Идея оказалась гениальной. На обратном пути Лиз занялась дыхательной гимнастикой и сказала Берни, что ей полегчало. А в кармане у нее лежали прописанные врачом таблетки.

— Я не хочу принимать их без крайней необходимости. Подожду до вечера.

— К чему такое геройство?

— Геройство проявляете вы, мистер Фаин. — Лиз потянулась к Берни и нежно поцеловала его.

— Я люблю тебя, Лиз.

— Лучше тебя нет никого на свете… Мне очень жаль, что из-за меня тебе приходится так трудно. — Каждому из них приходилось нелегко, и она это понимала. Ей самой было тяжко, и она злилась из-за этого, злилась, потому что они тоже мучаются, а изредка на нее накатывала ненависть к ним, потому что она умирает, а они нет.

Берни отвез ее домой, помог подняться по ступенькам. Джейн и Руфь сидели, поджидая их. Джейн волновалась, потому что они долго не возвращались — на сканирование костных тканей и на рентген потребовалось немало времени. И пока не наступило четыре часа дня и они не приехали домой, она все приставала к матери Берни:

— Бабушка, она всегда возвращалась утром. Что-то случилось, я уверена. — Она упросила Руфь позвонить в больницу, но оказалось, что Лиз уже на пути домой, и, когда хлопнула входная дверь, Руфь многозначительно посмотрела на Джейн.

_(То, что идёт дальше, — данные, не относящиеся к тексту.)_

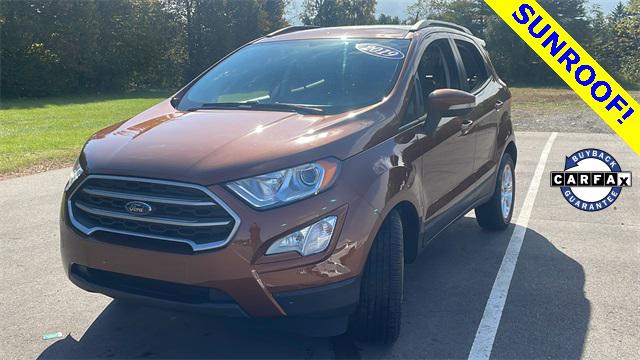 2019 Ford EcoSport SE REMAINDER OF FACTORY WARRANTY GOOD BRAKES RECENT TRADE IN EcoSport SE 4D Sport Utility EcoBoost 1.0L I3 GTDi DOHC Turbocharged VCT 6-Speed Automatic FWD Canyon Ridge Metallic Ebony Black Cloth 4-Wheel Disc Brakes 6 Speakers ABS brakes Alloy wheels AM/FM radio: SiriusXM Brake assist Bumpers: body-color Cargo Mat Delay-off headlights Dual front impact airbags Dual front side impact airbags Electronic Stability Control Emergency communication system: SYNC...
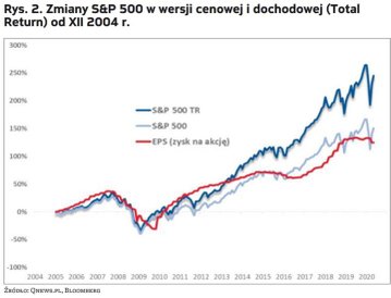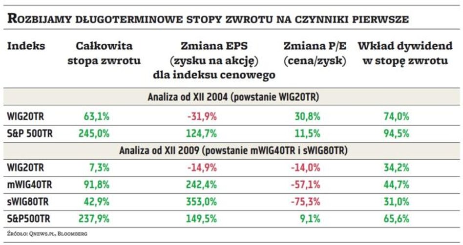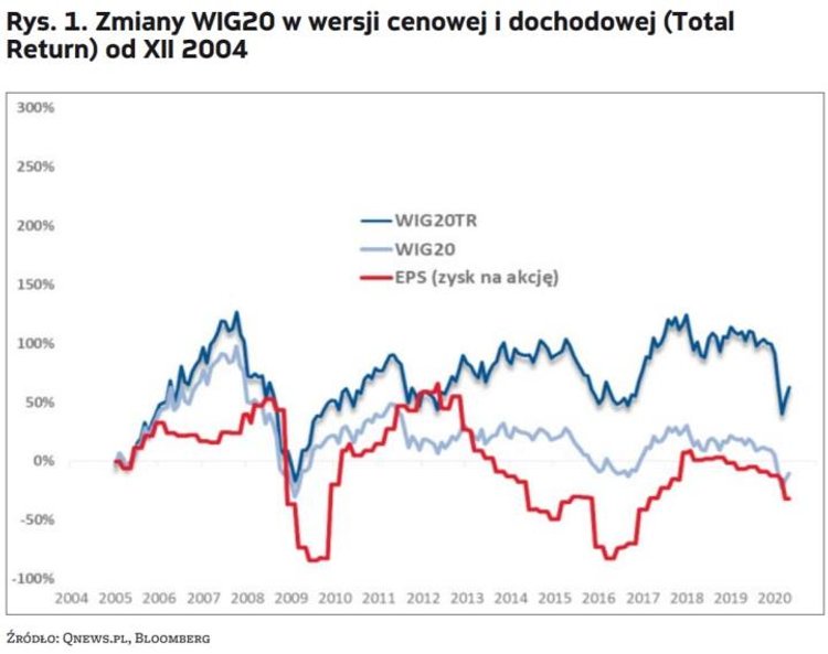 Można w pewnym sensie powiedzieć, że WIG20 to niejako „koślawy" substytut obligacji korporacyjnej o wysokim ryzyku („high yield"), bo w długim okresie jego wartość nominalna (czyli indeks cenowy) właściwie stoi w miejscu (a po drodze ulega gwałtownym, spekulacyjnym fluktuacjom), zaś całe zyski inwestorów wynikają z wypłacanych „odsetek" (czyli dywidend).
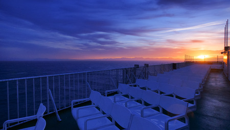 Epic sunrise on the sea viewed from the deck of a crusing ship heading for Sweden. Wooden railing and staircase to lower deck in front. Sunstar and dramatic clouds on the distant horizon.

— Вот видишь! — Но при этом она заметила то, что ускользнуло от взгляда Джейн: судя по виду, Лиз сильно ослабла и измучилась от боли, хотя сама ни словом не обмолвилась об этом.

И все же Лиз наотрез отказалась уйти с работы. Она твердо решила довести свой класс до конца учебного года, чего бы это ни стоило, и Берни не стал с ней спорить, хотя Руфь зашла к нему в магазин перед отъездом из Сан-Франциско и попыталась втолковать, что это безумие.

— Неужели ты не видишь, что ей не по силам такая нагрузка?

Берни закрыл дверь кабинета и заорал:

— Черт возьми, мама, врач сказал, что работа никак ей не повредит!

— Она ее просто доконает!

И тут он вылил на мать всю злобу, клокотавшую в его душе.

— Да нет же! Ее доконает рак! Ее убьет не что-нибудь, а эта проклятая зараза, которая уже успела распространиться повсюду и потихоньку пожирает ее! И теперь уже совершенно все равно, будет ли она сидеть дома, ожидая, когда ей придет конец, или будет по-прежнему учить детей в школе, согласится ли она продолжать курс химиотерапии или нет, или даже если она отправится в Лурд, ничего не изменится, и она умрет. — К глазам его подступили слезы, словно где-то внутри его прорвалась плотина, и он принялся мерить шагами комнату, не глядя матери в лицо. В конце концов он повернулся к ней спиной и уставился в окно, хотя ничего уже не мог видеть. — Прости меня. — По его голосу Руфь поняла, что он совершенно пал духом, и от боли за сына у нее сжалось сердце. Она тихо подошла к нему и обняла за плечи.